Proposal ini menargetkan alamat dompet yang terkait dengan insiden peretasan sistem Mt. Gox pada tahun 2011, yang menerima hampir 80.000 Bitcoin setelah serangan, dan tetap tidak digunakan selama lebih dari 15 tahun terakhir. Saat ini, sesuai aturan Bitcoin yang ada, dana-dana ini hanya dapat dipindahkan jika pemilik memiliki kunci pribadi yang sesuai.
Berdasarkan usulan tersebut, aturan baru akan memungkinkan pengendalian output yang belum dihabiskan di alamat pemulihan Mt. Gox melalui tanda tangan alamat tersebut, sehingga dana dapat dimasukkan ke dalam proses kompensasi yang sudah berada di bawah pengawasan yudisial untuk membayar kreditor Mt. Gox.
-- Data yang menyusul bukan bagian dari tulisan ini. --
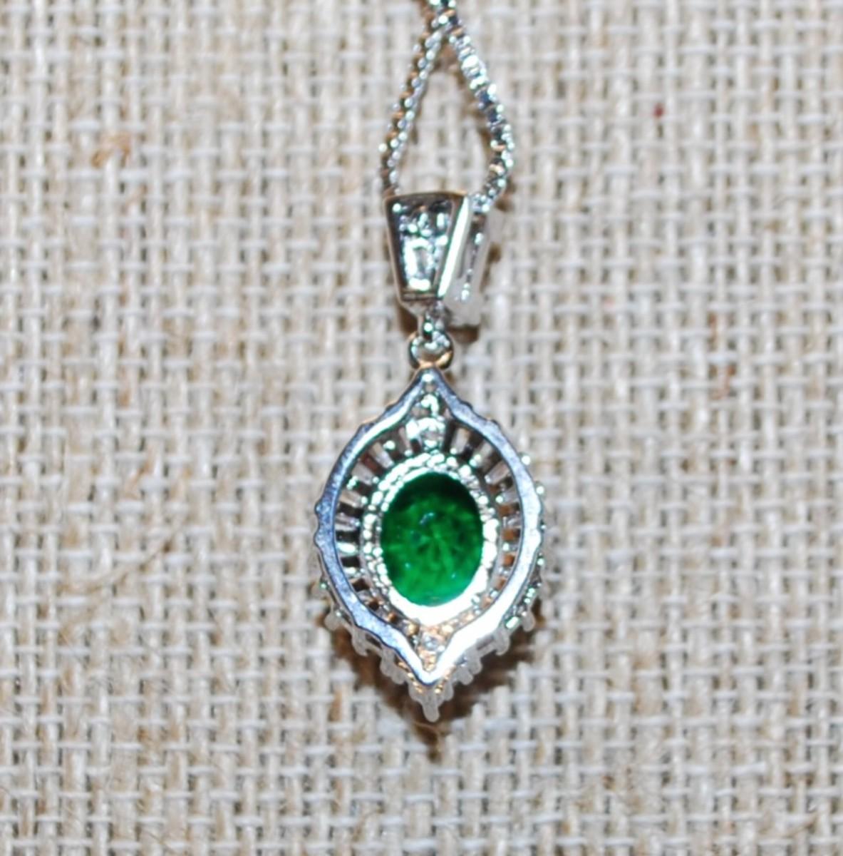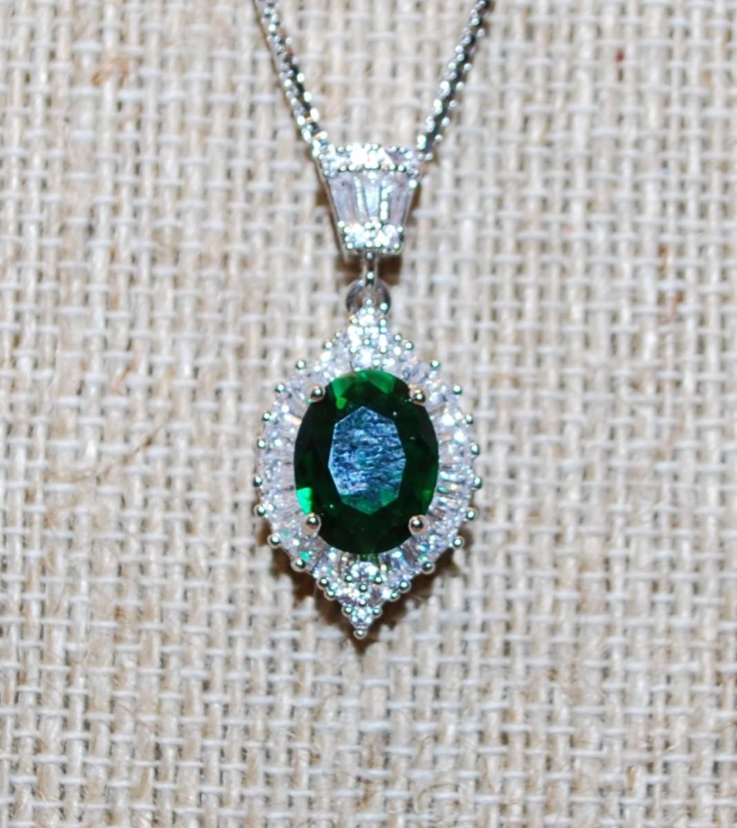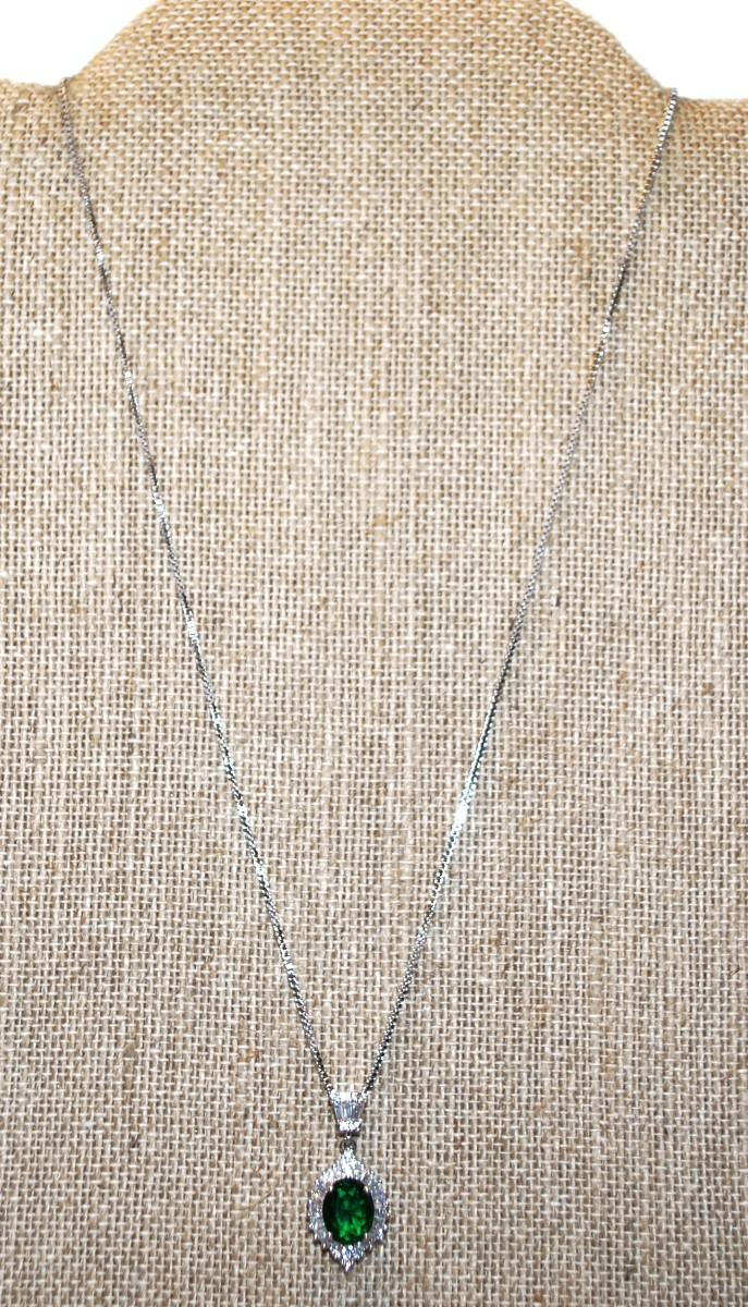 Oval Deep Green Stone PENDANT (1" x ¾") with Full Surrounds on a Silver Tone Necklace Chain 18" L

Karpelès menyatakan bahwa skema ini hanya sebagai titik awal diskusi, dengan rencana membatasi perubahan aturan pada satu alamat saja dan mengaktifkannya pada ketinggian blok tertentu di masa depan. Namun, proposal tersebut juga mengakui bahwa skema ini memerlukan pembaruan terkoordinasi secara keseluruhan jaringan, dan jika sebagian anggota komunitas menolak untuk mendukungnya, dapat menimbulkan risiko percabangan blockchain.
Perlu diperhatikan bahwa sekitar 80.000 BTC ini saat ini tidak termasuk dalam aset yang akan didistribusikan kepada kreditor Mt. Gox, dan juga tidak dikendalikan oleh trustee kebangkrutan.